Property in Print: Copyright Law, Cultural Conceptions of Authorship, and the American Magazine Industry Heather A. Haveman U.C. Berkeley, Department of Sociology and Haas School of Business 410 Barrows Hall, Berkeley, CA 94720-1980
[email protected] 510-642-3495 Daniel N. Kluttz U.C. Berkeley, Department of Sociology 410 Barrows Hall, Berkeley, CA 94720-1980
[email protected] 23 October, 2013 Abstract We study one dimension of property-rights law, copyright law, and its reciprocal relationship with cultural conceptions of authorship in Britain and America from the early eighteenth to the mid nineteenth century. We assess the joint impact of these forces on the market for literary texts in America and the organizations that published those texts.
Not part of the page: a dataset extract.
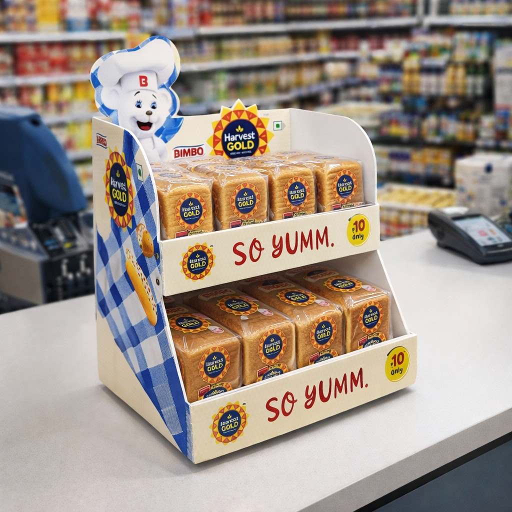 The Harvest Gold POSM display is designed to attract shoppers with strong shelf visibility and clear brand communication in modern retail environments. Its structured multi tier design highlights the product range effectively, encouraging impulse purchase at the point of sale.

Because magazines, not books, were the primary forum for literary expression in America during this time, our analysis focuses on magazines. We find that copyright law had limited direct effects on magazines. Very few sought copyright protection for their contents, and the few copyright claims that did exist were not tested by the courts. Instead, magazines freely reprinted work from domestic sources, including other magazines. Because there was no copyright protection in U.S. law for foreign authors during this time, magazines also freely reprinted material from foreign sources. The development of copyright law spurred the emergence of a cultural conception of the author as a paid professional; in turn, this altered the nature of the market for literary texts, as magazines began to pay authors for their original work and compete intensely over the work of the most popular authors.